People at the vigil had brought red and white roses and placed them on the table after it ended, along with smaller white candles in plastic cups some had held. The news was so fresh that the mourners were only just finding out the identities of some of the victims.

An exchange student from Pakistan, Sabika Sheikh; substitute teacher Cynthia Tisdale; and students Chris Stone and Shana Fisher were among those killed, family members and officials said.

Tisdale’s niece, Leia Olinde, told The Associated Press that her aunt was like a mother to her and helped her shop for wedding dresses last year. “She was wonderful. She was just so loving,” said Olinde, 25. “I’ve never met a woman who loved her family so much.”

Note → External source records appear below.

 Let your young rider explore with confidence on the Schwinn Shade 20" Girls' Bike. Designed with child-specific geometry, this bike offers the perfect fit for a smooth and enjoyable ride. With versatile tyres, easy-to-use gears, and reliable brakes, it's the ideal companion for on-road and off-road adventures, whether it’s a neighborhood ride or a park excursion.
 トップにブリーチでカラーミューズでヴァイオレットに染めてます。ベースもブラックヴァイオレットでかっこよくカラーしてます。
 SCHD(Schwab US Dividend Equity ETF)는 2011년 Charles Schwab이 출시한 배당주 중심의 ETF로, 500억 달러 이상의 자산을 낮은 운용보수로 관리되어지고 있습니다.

‘How did this happen?’ Shock turns to sorrow in Santa Fe, Texas
‘How did this happen?’ Shock turns to sorrow in Santa Fe, Texas

J.J. Watt, the Houston Texans’ star defensive end, offered on Friday to pay for the funerals of all 10 victims. “Absolutely horrific,” Watt said on Twitter earlier in the day.

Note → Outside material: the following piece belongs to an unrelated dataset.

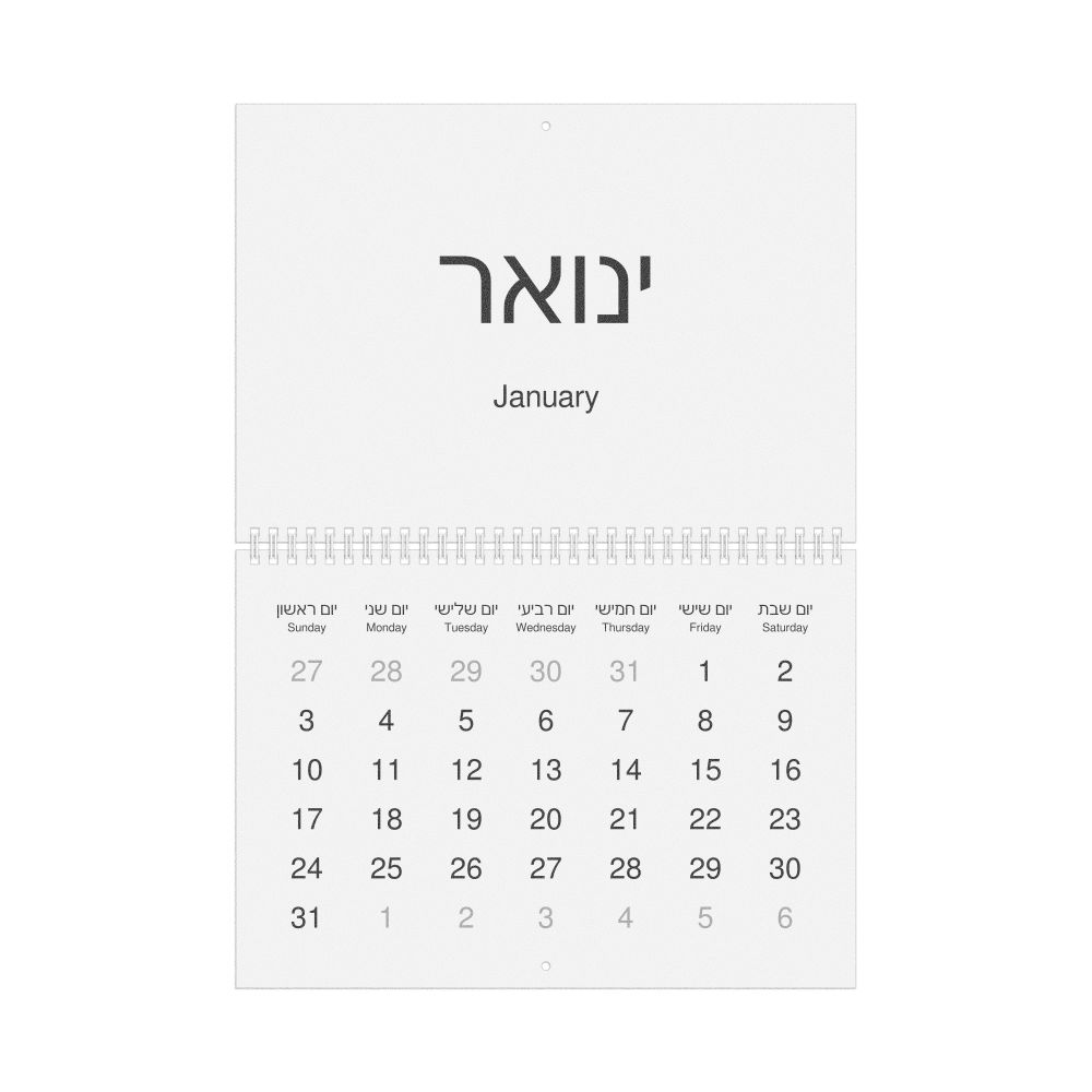 2027 Wall Calendar, Hebrew/English-Labeled, Monday-Start Layout, Wire-Bound, 11.7 x 8.3 in (29.7 x 21.0 cm)

Even as they mourned, locals were bracing for the inevitable debate on guns that they knew would follow. The suspect, 17-year-old Dimitrios Pagourtzis, who faces capital murder charges, was armed with a shotgun and a revolver that belonged to his father, authorities said. Gun ownership is embraced in the town, but several residents said responsibilities come with it.

“We have guns, but we have them locked up,” Strickland said. She and others said they support placing metal detectors in the schools.

Tim Nicodemus, 47, an Army veteran who makes and sells gun holsters, said education about gun safety is key and he believes those who provide guns to people who shouldn’t have them should be held accountable.

“Those are two steps,” Nicodemus said. “I don’t see how they are wrong.”

Santa Fe has canceled classes on Monday and Tuesday, and then there are just a couple weeks left before summer vacation.

When “something like this happens, you don’t even want to send them back,” said Kristi McFarland, 41, who along with her sister has children in Santa Fe’s middle and high school.

“Our kids are required to go to school and we are required to send them,” said Stephanie Falcon, 40. “But every day we keep them home, they are safe.”